For the period from June 9, 2025 (inception) through December 31, 2025, we had a net income $2,404,209, which consisted of Interest earned on marketable securities held in Trust Account of $2,805,113 partially offset by general and administrative costs of $400,904.
Liquidity and Capital Resources
Factors That May Adversely Affect our Results of Operations
Our results of operations and our ability to complete an initial Business Combination may be adversely affected by various factors that could cause economic uncertainty and volatility in the financial markets, many of which are beyond our control. Our results of operations and our ability to consummate an initial Business Combination could be impacted by, among other things, downturns in the financial markets or in economic conditions, increases in oil prices, inflation, fluctuations in interest rates, increases in tariffs, supply chain disruptions, declines in consumer confidence and spending, public health considerations, and geopolitical instability, such as the military conflicts in Ukraine and the Middle East. We cannot at this time predict the likelihood of one or more of the above events, their duration or magnitude or the extent to which they may negatively impact our business and our ability to complete an initial Business Combination.
Liquidity and Capital Resources
Until the consummation of the Initial Public Offering, our only source of liquidity was an initial purchase of shares of Class B ordinary shares, par value $0.0001 per share, by the Sponsor and loans from the Sponsor.

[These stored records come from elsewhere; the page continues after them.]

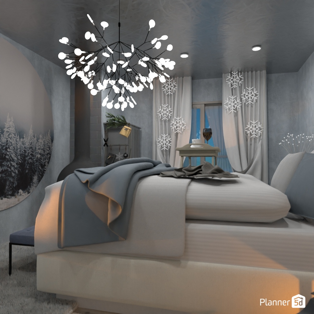 Create a bedroom interior that is associated with winter.
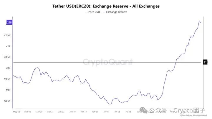 自 8 月初以来,Tether 交易所储备一直呈上升趋势。这表明市场购买力不断上升,但很难判断加密货币市场价格何时会开始上涨,但指标显示仍有上涨空间。
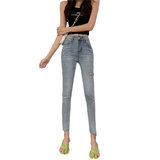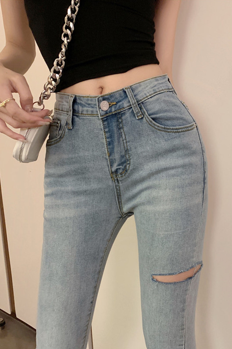 Джинсы, тонкие летние штаны, эластичный ростомер, 2021 года, в обтяжку, высокая талия, популярно в интернете, по фигуре
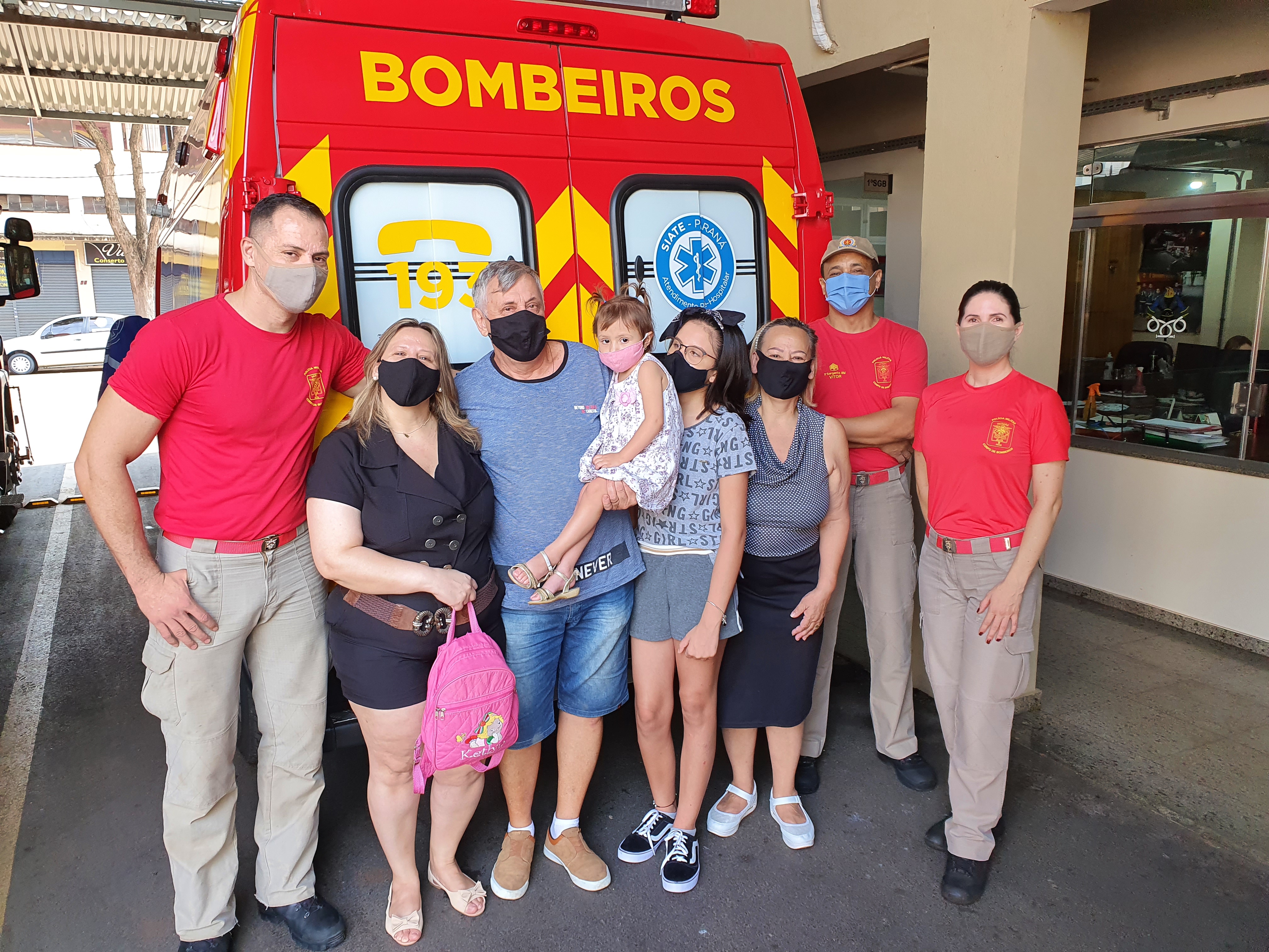 Quartel Central do 5ºGB, 14/10/2020 - Hoje (14), o Quartel Central dos Bombeiros de Maringá recebeu a ilustre visita da pequena Ketlen Ferreira e seus familiares. A garotinha de apenas três anos foi salva pelo Corpo de Bombeiros, em colaboração com a equipe do Samu, no dia 29 do mês passado, após se afogar em uma piscina.

On September 29, 2025, we consummated the initial public offering of 28,750,000 Units, including 3,750,000 Units issued as a result of the full exercise by the underwriters of their over-allotment option, at $10.00 per Unit, generating gross proceeds of 287,500,000. Simultaneously with the closing of the Initial Public Offering, the Company consummated the sale of an aggregate of 3,500,000 Private Placement Warrants to the Sponsor and Cantor Fitzgerald & Co., the representative of the underwriters of the Initial Public Offering, at a price of $2.00 per warrant, or $7,000,000 in the aggregate, in a private placement.

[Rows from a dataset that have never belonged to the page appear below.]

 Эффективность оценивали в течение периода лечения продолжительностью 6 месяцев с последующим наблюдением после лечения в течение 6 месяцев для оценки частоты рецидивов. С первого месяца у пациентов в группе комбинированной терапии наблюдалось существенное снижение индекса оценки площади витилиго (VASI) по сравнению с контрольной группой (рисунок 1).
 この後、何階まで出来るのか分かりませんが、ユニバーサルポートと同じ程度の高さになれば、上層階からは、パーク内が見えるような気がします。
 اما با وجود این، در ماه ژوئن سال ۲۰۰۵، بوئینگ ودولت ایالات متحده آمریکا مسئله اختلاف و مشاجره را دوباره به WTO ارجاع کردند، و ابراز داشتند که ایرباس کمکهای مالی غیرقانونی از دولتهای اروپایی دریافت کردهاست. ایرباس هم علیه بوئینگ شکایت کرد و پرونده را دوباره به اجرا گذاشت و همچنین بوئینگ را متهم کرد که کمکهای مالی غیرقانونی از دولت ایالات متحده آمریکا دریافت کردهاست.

Following the Initial Public Offering, the full exercise of the over-allotment option, and the sale of the Units, a total of $287,500,000 was placed in the Trust Account. We incurred $17,861,874, consisting of $5,000,000 of cash underwriting fee, $12,250,000 of deferred underwriting fee, and $611,874 of other offering costs.

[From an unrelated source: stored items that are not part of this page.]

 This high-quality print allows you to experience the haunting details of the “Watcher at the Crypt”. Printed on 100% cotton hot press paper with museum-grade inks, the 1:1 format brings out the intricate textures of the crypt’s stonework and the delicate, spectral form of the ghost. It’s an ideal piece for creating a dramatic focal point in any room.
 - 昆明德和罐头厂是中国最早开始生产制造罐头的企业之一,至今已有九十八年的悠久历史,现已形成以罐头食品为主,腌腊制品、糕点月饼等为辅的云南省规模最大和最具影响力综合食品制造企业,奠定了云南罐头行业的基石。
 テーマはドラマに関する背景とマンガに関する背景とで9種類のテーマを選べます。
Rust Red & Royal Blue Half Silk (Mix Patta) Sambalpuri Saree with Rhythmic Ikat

For the period from June 9, 2025 (inception) through December 31, 2025, net cash used in operating activities was $608,179. Net income of $2,404,209 consists of interest earned on marketable securities held in the Trust Account of $2,805,113, payment of operation costs through promissory note of $10,420, and changes in operating assets and liabilities of $217,695 used for operating activities.
At December 31, 2025, we had cash and marketable securities held in the Trust Account of $290,305,113 (including approximately $2,805,113 of interest income and unrealized gains, net of unrealized losses). We intend to use substantially all of the funds held in the Trust Account, including any amounts representing interest earned on the Trust Account (less income taxes payable), to complete our Business Combination. To the extent that our share capital or debt is used, in whole or in part, as consideration to complete our Business Combination, the remaining proceeds held in the Trust Account will be used as working capital to finance the operations of the target business or businesses, make other acquisitions and pursue our growth strategies.
At December 31, 2025, we had cash of $869,527 held outside of the Trust Account. We intend to use the funds held outside the Trust Account primarily to identify and evaluate target businesses, perform business due diligence on prospective target businesses, travel to and from the offices, plants or similar locations of prospective target businesses or their representatives or owners, review corporate documents and material agreements of prospective target businesses, and structure, negotiate and complete a Business Combination.
In order to fund working capital deficiencies or finance transaction costs in connection with a Business Combination, the Sponsor, or certain of our officers and directors or their affiliates may, but are not obligated to, loan us funds as may be required. If we complete a Business Combination, we would repay such loaned amounts. In the event that a Business Combination does not close, we may use a portion of the working capital held outside the Trust Account to repay such loaned amounts but no proceeds from our Trust Account would be used for such repayment. Up to $1,500,000 of such Working Capital Loans may be convertible into Private Placement Warrants of the post Business Combination entity at a price of $2.00 per warrant at the option of the lender. The units would be identical to the Private Placement Warrants.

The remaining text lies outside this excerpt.